Journées Techniques routes 2018

Les spécialistes du Cerema en matière d’infrastructures ont réalisé et contribué à plusieurs interventions lors des journées techniques routes, qui se sont tenues les 7 et 8 février 2018. Ces journées sont l’occasion de présenter les derniers travaux et projets de recherche dans le domaine des infrastructures.
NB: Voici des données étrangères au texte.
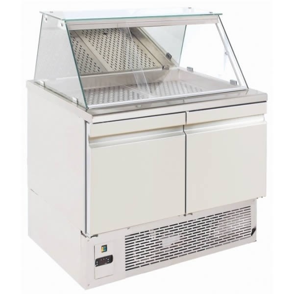 Vitrina de expunere, cu 2 usi, capacitate 194 litri, temperatura de lucru +0°C / +3°C, termostat electronic si decongelare automata, motor pozitionat in partea inferioara, dimensiuni 890x700x1200h mm, putere 1/5hp, alimentare 220V, greutate 91kg

Evolution de la norme dimensionnement des chaussées 

Heïdi Kauffmann a présenté la révision de la norme NF P98-086 : Après plusieurs années de travail, la première révision de la norme NF P98-086 sur le dimensionnement des structures de chaussées neuves arrive à son terme. L’enquête publique se déroulera en février-mars 2018 pour une publication prévue à l’été 2018.

Parmi les principales évolutions on notera :

  • L’intégration des sols traités en couche de base pour les trafics inférieurs à T3, et jusqu’à T1 en couche de fondation ;
  • Des premiers pas dans l’évolution de la vérification du dimensionnement au gel-dégel par la redéfinition du caractère non gélif d’un matériau en ajoutant la résistance à la gélifraction à l’insensibilité à l’eau, ainsi que la définition de critères et de valeur de pentes permettant de classer un matériau peu gélif même en l’absence d’essai de cryosuccion ;
  • La prise en compte des évolutions dans le domaine des chaussées béton avec une clarification du classement des structures, l’introduction d’un dimensionnement rationnel pour les chaussées en béton de ciment sur couche de forme ou couche drainante jusqu’à lors traitées de manière empirique et l’ouverture à de nouvelles classes de béton ;
  • En ce qui concerne l’obtention des paramètres mécaniques pour les matériaux bitumineux, la suppression des notions d’approches empiriques et fondamentales pour être en cohérence avec les normes matériaux et l’acceptation d’une plus large gamme d’essais pour la détermination du module, même si l’essai en flexion deux points (annexe A de la norme NF EN 12 697-26) reste la référence ;
  • Enfin, dans la rédaction, un renforcement du rôle du maître d’ouvrage et une clarification des notions (trafic, agressivité, risque…) afin de lui permettre de fixer au mieux les paramètres d’entrée de la démarche de dimensionnement en fonction de sa stratégie d’investissement et d’entretien.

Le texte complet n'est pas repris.